Week 1-3 of the AWS MLops: Data ingestion and AWS jobs
AWS job styles:#
- Batch
- Glue: creates metadata that allows to perform operations on e.g. S3 or a database. This is a serverless ETL system.
- Batch: general purpose batch, can process anything at scale in containers and training models with GPUs.
- Step functions: parameterize different steps, orchestrate Lambda functions with inputs.
- Streaming
- Kinesis: send in small payloads and process them as it receives the payloads.
- Kafka via Amazon MSK
In terms of operation complexity and data size, here is a high level comparison
Batch | Streaming | |
---|---|---|
complexity | simple | complex |
data size | large | small |
- Complexity: Batch jobs are simpler, they receive data, execute operations across, then give back results. Streaming jobs on the other hand need to take in data as they come in and a bit more prone to error and mistake.

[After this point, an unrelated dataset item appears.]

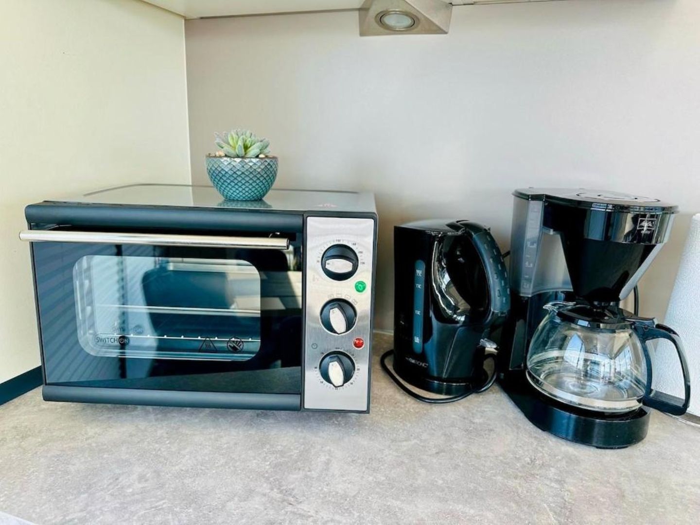 Mikrowelle, Spülmaschine, Kühlschrank, Kaffeemaschine, Toaster, Wasserkocher, Spüle, (Die Küche ist in den Wohnbereich integriert).

- Data size: Batch jobs are good at handling large data payloads since they are designed to process in batch. While streaming jobs process things as they come in.
Batch: data ingestion and processing pipelines#
Examples#
- Example 1 - AWS Batch:
- Event trigger creates new jobs
- New jobs are stored in queue. Can have thousands of jobs.
- Each job launches its own container and performs things like fine tuning Hugging Face models using GPUs.
- Example 2 - AWS Step Function:
- Event trigger
- First step, a Lambda function, gets JSON payload and exports results.
- Second step, also a Lambda function, takes outputs from the previous step as inputs. Exports results as JSON.
- Example 3 - AWS Glue, an ETL pipeline:
- Event trigger
- AWS Glue points to multiple data sources: CSV files in S3 or external PostgreSQL database.
- Glue ties multiple data sources together and creates an ETL then transform the data and put it into a S3 bucket.
- Glue creates a data catalog that can be queried via AWS Athena without having to actually pull all the data out of S3 for data visualization and maybe manipulation.